Он задумался, потер подбородок и осмотрел свою воображаемую разобранную конструкцию, нахмурился и вздохнул:
— Ну так вот, чего я от вас хочу. Первое — чтобы Двейн пришел, мне нужна еще одна ампула обезболивающего, а лучше две. Второе — ему нужна какая-нибудь легкая, не жирная еда, я проверил, у вас такой нет, так что придется готовить.
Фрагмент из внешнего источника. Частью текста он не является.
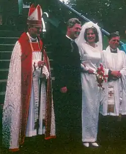 Bishop Cruse (left) at a wedding in 1965, shortly after his elevation to the episcopate.
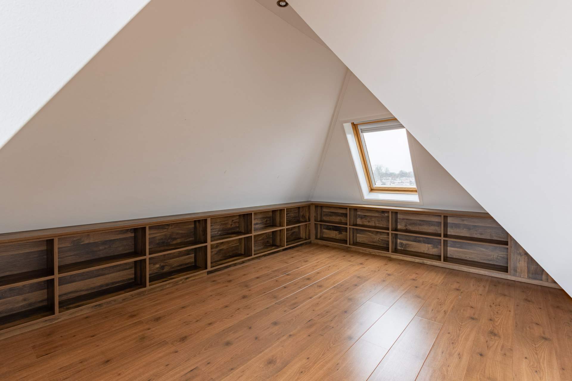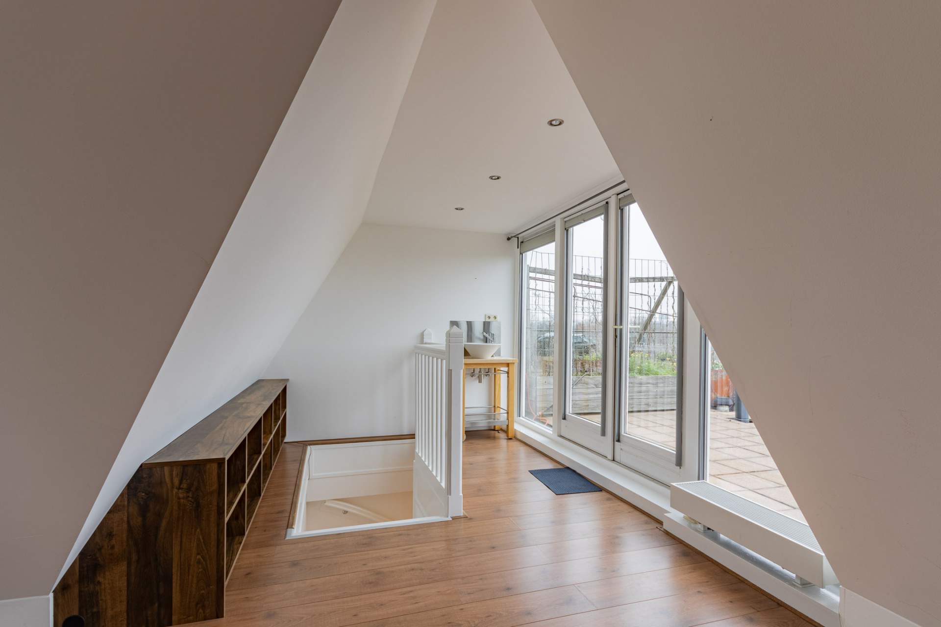 Via een fraaie trap bereik je de bovenste verdieping met een extra werkkamer, gelegen in een charmante punt. Vanuit hier geven openslaande deuren toegang tot het grote dakterras met vrij uitzicht.

Если вы согласитесь, то я пойду ампулы отнесу, а если нет — то пусть лежит ногти грызет, он сам виноват, что сбежал, я его не звал.
Он поднял глаза на Веру, продолжая держать в руках свою систему парадоксов двойственности власти, шкодно улыбнулся, зажмурился и опустил руки, шепотом выдохнул:
— Веду себя как Барт.
Вера тихо рассмеялась, кивнула:
— Идите относите.
— Спасибо, — он с облегчением кивнул, превратив движение в ироничный обессиленный поклон, четко развернулся и вышел. Вера кривовато улыбнулась сама себе — он решил делать вид, что обоих разговоров не было, интересный вариант. Хотя, наверное, самый удобный.
"Ну что ж, пусть будет так, посмотрим, что из этого выйдет."
4.31.3 Суп со звездами и божественная теория Барта
Открыв холодильник, она поняла, что там много чего не хватает, но достала что есть и начала готовить, уверенная, что господин министр в своей великой предусмотрительности все захватит. Так и оказалось, спустя минут пятнадцать она услышала в библиотеке шаги, шепот и тихий смех, они вошли, министр поставил на стол бумажный пакет с продуктами, Двейн поклонился:
— Госпожа, моя благодарность не знает границ. Чем я могу вам помочь?
— Выздоровеешь — отработаешь, — улыбнулась Вера, — ты полезный товарищ, мне нравится мысль иметь тебя в должниках, — он улыбнулся шире и опустил голову, Вера осмотрела его с ног до головы — мягкие свободно зашнурованные тапки из двух половин, она видела такие в цыньянском квартале, их носили почти все, только шнуровали туго; свободные серые штаны и темно-синий халат, тоже цыньянский, с поясом, завязанным тем же узлом, которым завязывал свои министр в Тяжелые Дни; под халатом рубашка с расстегнутым воротом, повязка на шее, общий вид мятый и потрепанный, она кивнула ему на табуретку: — Садись, отдохни, я сама.